Sunday, December 5, 2010

Are Leading Organisations Effectively Using Social Media?

A 2009 study found that the CEO’s of top U.S. companies tend to avoid social media, according to The study found that most of the Fortune top 100 CEO’s were markedly absent from the social media community, including Facebook, Twitter, LinkedIn, and Wikipedia. The study specifically revealed that;

1) Only 2 CEO’s had Facebook accounts;
2) Only 13 CEO’s had profiles on the professional networking site LinkedIn;
3) Three-quarters of the CEO’s had a Wikipedia entry, but nearly a third of these had limited or outdated information; and
4) Not one Fortune 100 CEO had a blog.

But what is social media? Professor Nora Barnes highlights six prominent social media tools, (2010, p.9);
1) Blogging;
2) Podcasting;
3) Online Video;
4) Social Networking;
5) Message Boards; and
6) Wikis.

This list includes the micro blogging service of Twitter and the popular social networking sites like Facebook, LinkedIn and MySpace.

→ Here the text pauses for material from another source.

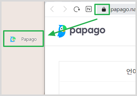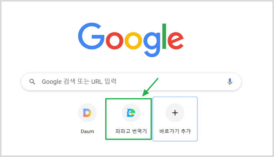 그럼 아래와 같이 크롬 내에 파파고 번역기 바로가기가 설치된 것을 보실 수 있습니다. 해당 파파고 번역기 바로가기를 통해서 바로 파파고 번역기로 가실 수 있습니다.

Looking at the Fortune 500, research has shown that 16% of the Fortune 500 companies were blogging in 2008, double the figure for 2007 which was only 8%, (cited in Barnes, 2010, p.10). Yet, Jose Esteves writes in the 2008, Business Strategy Review, after analysing the blogging strategies of the companies in the Fortune 500, that “blogs have moved from being sales support tools to becoming essential elements in brand advocacy and communication. There is no longer any question that corporate blogs have become a channel to engage brand enthusiasts (rather than simply engaging in light dialogue with consumers: ‘thanks for your feedback’ and the like) and a communication tool for stakeholders and potential investors,” (p.65).

Barnes highlights how “the adoption curves for different social media technologies are not the same. Interestingly, while social networking and blogging have enjoyed growth in actual adoption, the use of message boards, online video, wikis and podcasting has levelled off or declined. The addition of Twitter (considered both a micro-blogging site and a social networking site) in the latest study showed that 35% of the Fortune 500 are already using this tool for their business. In addition, as they ramp up their usage, companies are also seeking to protect themselves legally with 22% of the Fortune 500 companies having implemented a formal policy concerning blogging by their employees,” (p.13).

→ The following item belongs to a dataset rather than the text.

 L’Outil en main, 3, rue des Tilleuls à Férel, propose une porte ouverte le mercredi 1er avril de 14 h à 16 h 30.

Some still believe that CEO’s aren’t embracing social media enough and Sharon Barclay states that “it’s shocking that the top CEO’s can appear to be so disconnected from the way their own customers are communicating. They’re giving the impression that they’re disconnected, disengaged and disinterested. Barclay said many CEO’s are cautious about social networking because of regulations, such as the Sarbanes-Oxley Act. However, she says the ones who are not involved in the rapidly growing form of communication are missing a great opportunity to connect with customers and raise their company’s profile.” (cited in IM, 2009, p.10).

In her 2009 article Lyne Noella, gives 10 simple tips to raise your visibility in social networking (p.17);

1) Join several networks;
2) Get a great head shot;
3) Create a compelling message;
4) Make invitations a habit;
5) Join special interest groups;
6) Update your profile regularly;
7) Share knowledge;
8) Use you network as a resource;
9) Stay alert to opportunities;
10) Engage.

Though maybe considered obvious by many, the tips above also highlight the need to invest quality time in developing ones social media activities. The underlying business principles are similar to talent management, in that you want to attract and retain the ‘best talent’ to your social networks, where this talent should be both current and future focused.

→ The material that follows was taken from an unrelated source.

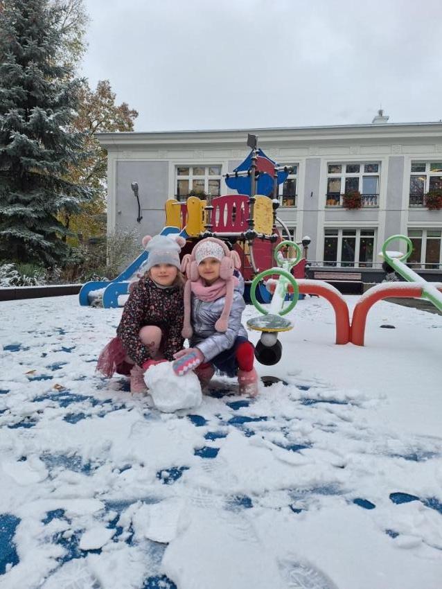 Nadszedł czas na zimowe zabawy w ogrodzie. Było lepienie bałwana, toczenie kul i szukanie lodu. Dzieci badały właściwości śniegu i lodu. Zauważyły, że pod wpływem ciepła zmienia się ich stan skupienia.

Finally as Barnes mentions, “the continued steady adoption of blogs and the growth of Twitter among Fortune 500 companies demonstrates the growing importance of social media in the business world,” (p.13). “In his own blog, Jonathan Schwartz, President of Sun Microsystems says that we’ve moved from the information age to the participation age, and trust is the currency of the participation age,” (cited in Esteves, 2008, p.65). Esteves concludes that “at best, corporate blogging is about leadership, visibility and conversion in the digital world. It is an excellent way for CEO’s to express their opinions and visions about their companies and about topics such as corporate social responsibility, diversity, market sector evolution and even crisis management,” (p.67).

So how social media savvy are you and your organisation?


Barnes, N.G. (2010). Tweeting and Blogging to the Top. Marketing Research. Spring, p.9-13.

Editorial. (2009). CEO’s Cautious About Social Networking. Information Management, Vol. 43 Issue 5, p10-11.

Esteves, J. (2008). Where is your blog? Business Strategy Review. Vol. 19, Issue 4, p.62-70.

Noella, L. (2009). Ten Tips to Raise Your Business Visibility Through Social Networks. Financial Executive. Vol. 25, Issue 9, p17.